• **YOUR INSTRUCTIONS**
In the records below, reproduce exactly the lines from the one containing "Spicciolo is the" through the one containing "雅州壹號(hào)院JDG管材料采購(gòu)結(jié)果公示", both included, and omit the pictures.

• **DATA PROVIDED**
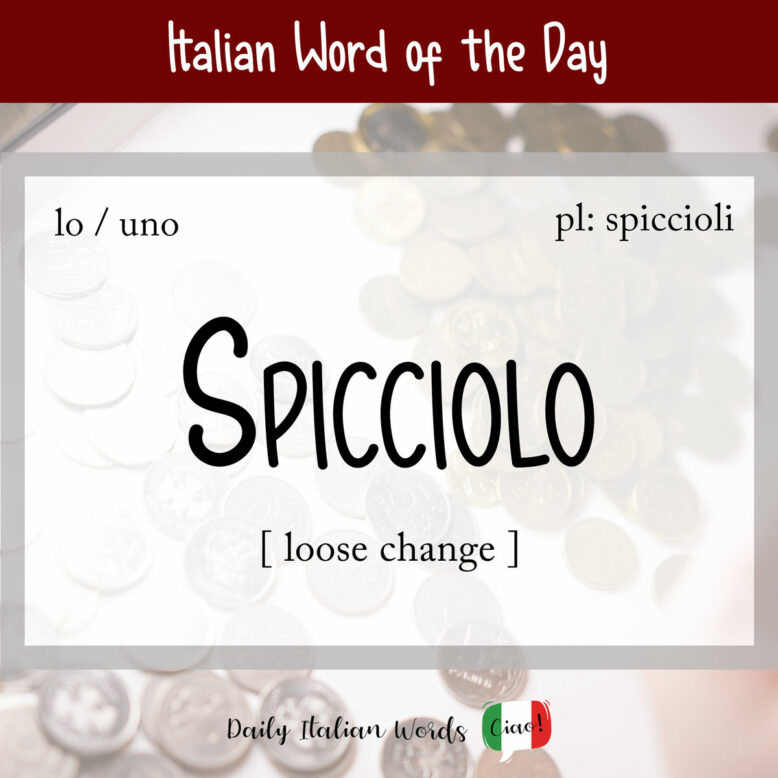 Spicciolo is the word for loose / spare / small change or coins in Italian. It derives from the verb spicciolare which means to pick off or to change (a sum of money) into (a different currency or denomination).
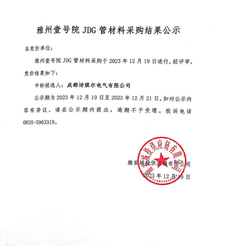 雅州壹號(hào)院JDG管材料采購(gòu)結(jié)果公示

---

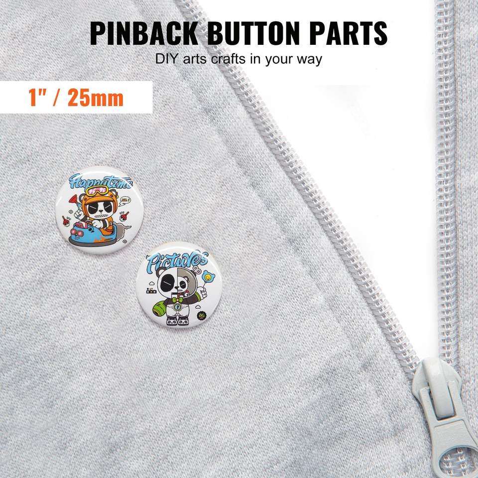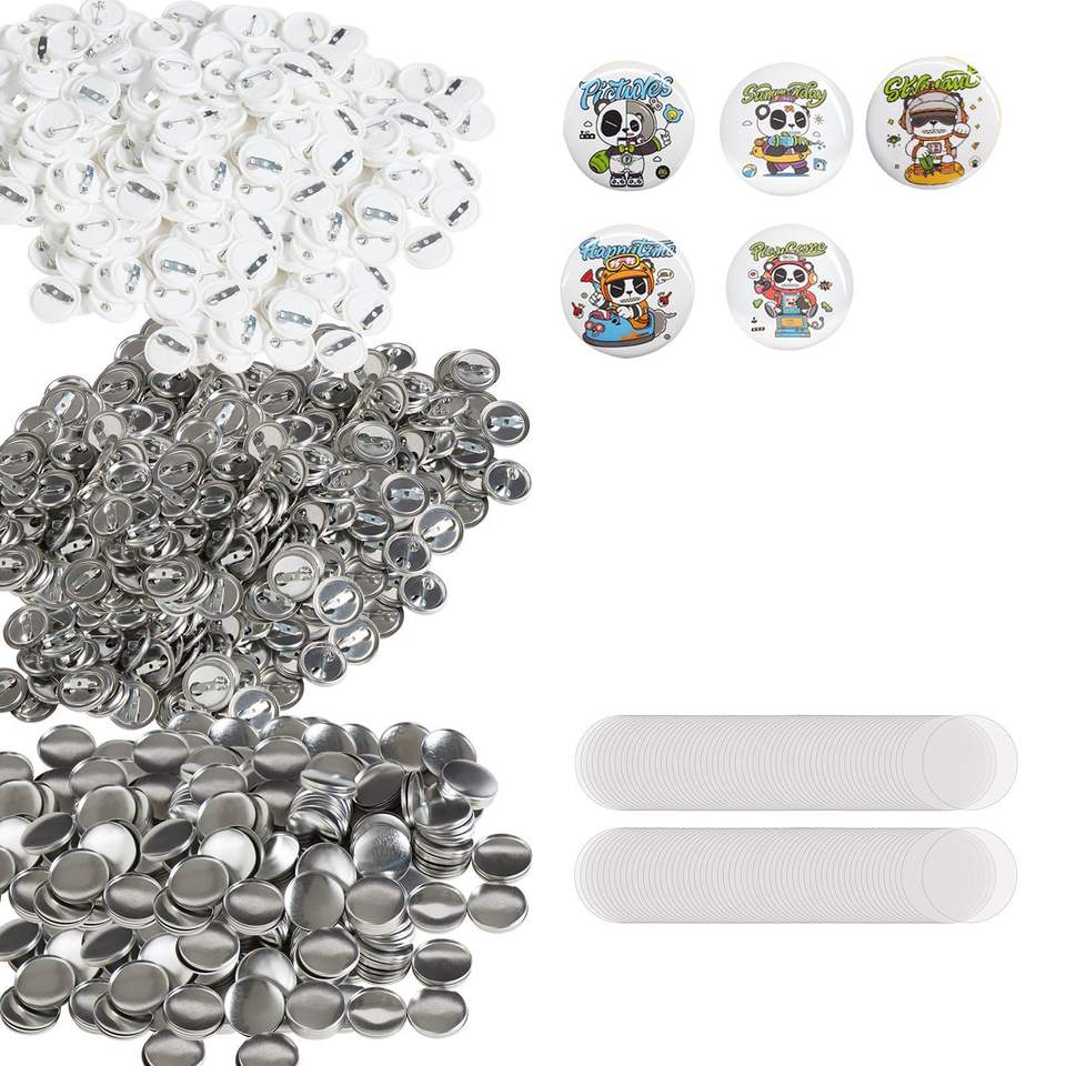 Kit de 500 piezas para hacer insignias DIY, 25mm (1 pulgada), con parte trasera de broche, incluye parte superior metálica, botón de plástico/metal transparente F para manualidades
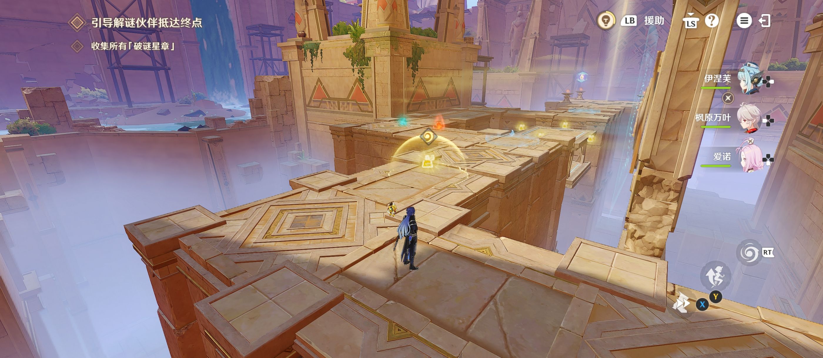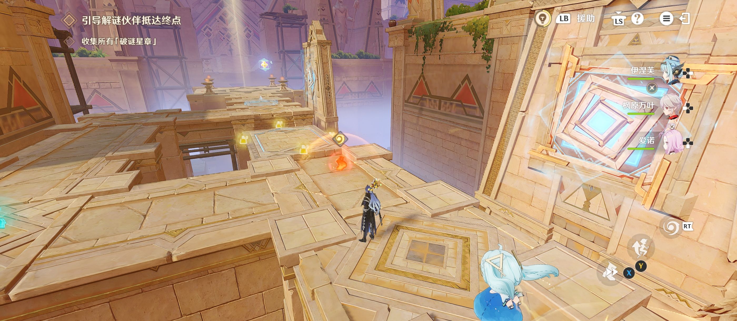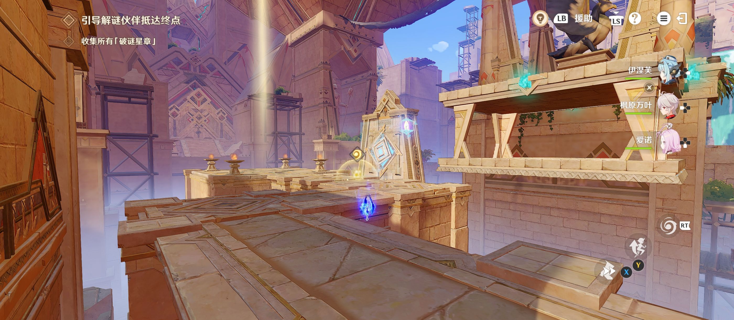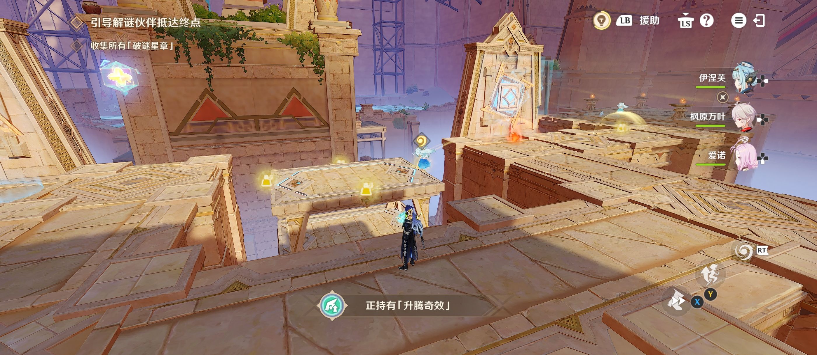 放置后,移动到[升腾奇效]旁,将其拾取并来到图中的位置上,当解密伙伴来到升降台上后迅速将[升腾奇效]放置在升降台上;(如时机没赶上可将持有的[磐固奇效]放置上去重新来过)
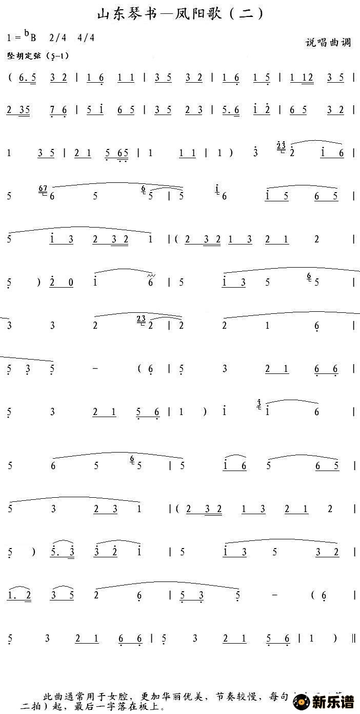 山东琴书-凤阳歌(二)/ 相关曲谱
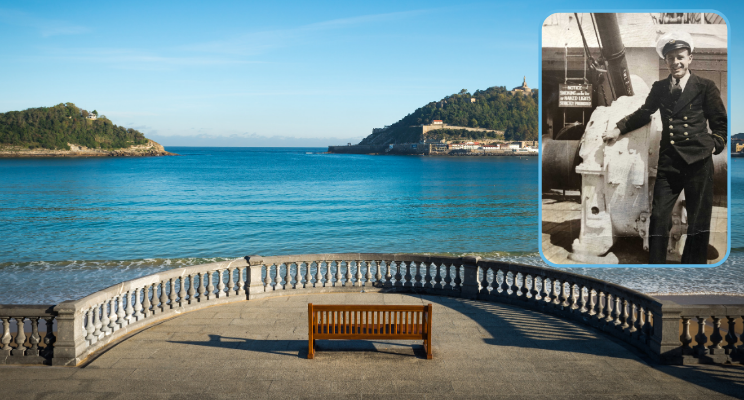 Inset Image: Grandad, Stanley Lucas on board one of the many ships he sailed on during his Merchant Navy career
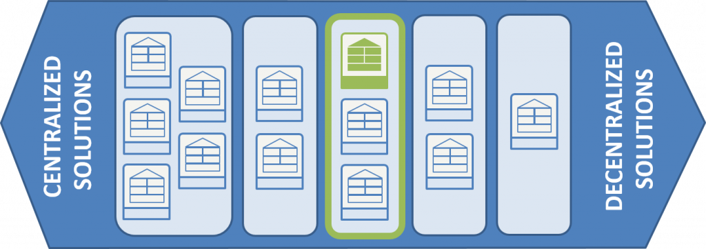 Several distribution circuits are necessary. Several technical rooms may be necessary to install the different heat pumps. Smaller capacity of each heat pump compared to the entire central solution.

---

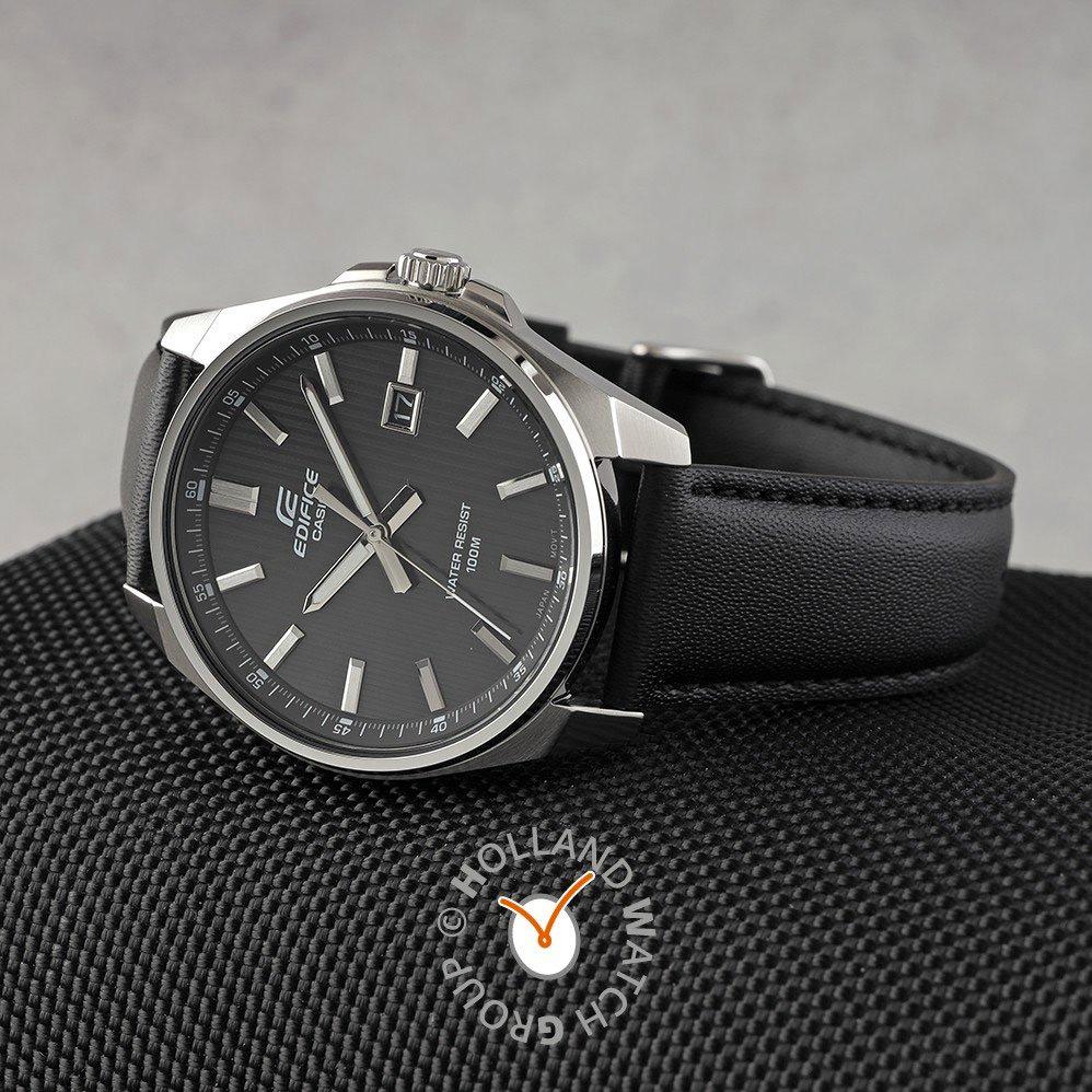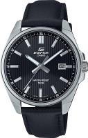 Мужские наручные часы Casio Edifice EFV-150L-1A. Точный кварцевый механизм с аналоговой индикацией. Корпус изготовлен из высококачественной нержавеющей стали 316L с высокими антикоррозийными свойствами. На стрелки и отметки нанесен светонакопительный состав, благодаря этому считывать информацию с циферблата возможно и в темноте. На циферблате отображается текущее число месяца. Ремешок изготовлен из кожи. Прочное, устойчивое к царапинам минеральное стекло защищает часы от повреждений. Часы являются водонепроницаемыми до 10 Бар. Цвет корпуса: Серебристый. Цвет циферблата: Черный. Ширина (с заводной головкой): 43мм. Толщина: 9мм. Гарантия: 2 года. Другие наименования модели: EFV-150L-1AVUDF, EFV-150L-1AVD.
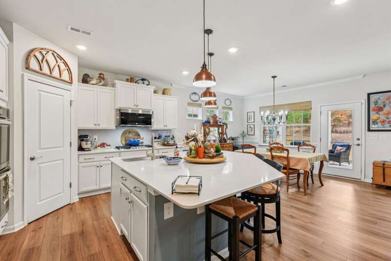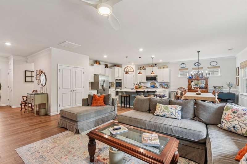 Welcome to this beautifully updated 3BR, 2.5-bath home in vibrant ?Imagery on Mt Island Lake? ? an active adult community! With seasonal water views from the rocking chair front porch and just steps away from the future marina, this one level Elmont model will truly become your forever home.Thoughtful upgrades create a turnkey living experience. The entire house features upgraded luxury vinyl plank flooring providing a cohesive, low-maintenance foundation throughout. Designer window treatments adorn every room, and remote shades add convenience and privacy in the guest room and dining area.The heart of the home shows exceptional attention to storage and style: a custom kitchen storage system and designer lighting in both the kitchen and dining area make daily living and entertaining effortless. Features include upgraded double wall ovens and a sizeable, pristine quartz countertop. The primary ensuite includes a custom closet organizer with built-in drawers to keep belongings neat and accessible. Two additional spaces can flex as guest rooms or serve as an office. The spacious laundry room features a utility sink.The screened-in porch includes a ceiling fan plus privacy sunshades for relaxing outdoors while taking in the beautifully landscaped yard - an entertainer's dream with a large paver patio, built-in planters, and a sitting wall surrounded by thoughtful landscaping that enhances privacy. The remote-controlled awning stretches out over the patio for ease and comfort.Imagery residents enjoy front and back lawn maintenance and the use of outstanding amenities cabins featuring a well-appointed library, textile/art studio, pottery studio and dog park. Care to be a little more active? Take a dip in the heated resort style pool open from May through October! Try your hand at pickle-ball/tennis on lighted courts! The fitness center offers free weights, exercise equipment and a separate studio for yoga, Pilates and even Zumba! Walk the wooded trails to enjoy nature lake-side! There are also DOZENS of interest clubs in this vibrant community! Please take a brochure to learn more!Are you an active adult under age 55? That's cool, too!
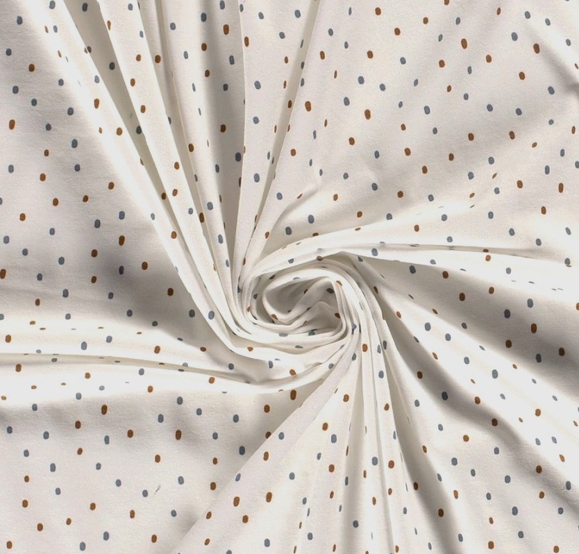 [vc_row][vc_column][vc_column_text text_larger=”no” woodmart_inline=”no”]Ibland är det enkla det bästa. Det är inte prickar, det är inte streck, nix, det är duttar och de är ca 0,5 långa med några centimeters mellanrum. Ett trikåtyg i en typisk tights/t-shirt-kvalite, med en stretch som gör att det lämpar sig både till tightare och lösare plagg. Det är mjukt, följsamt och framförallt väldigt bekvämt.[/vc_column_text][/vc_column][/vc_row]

• **RESULT**
 Spicciolo is the word for loose / spare / small change or coins in Italian. It derives from the verb spicciolare which means to pick off or to change (a sum of money) into (a different currency or denomination).
 雅州壹號(hào)院JDG管材料采購(gòu)結(jié)果公示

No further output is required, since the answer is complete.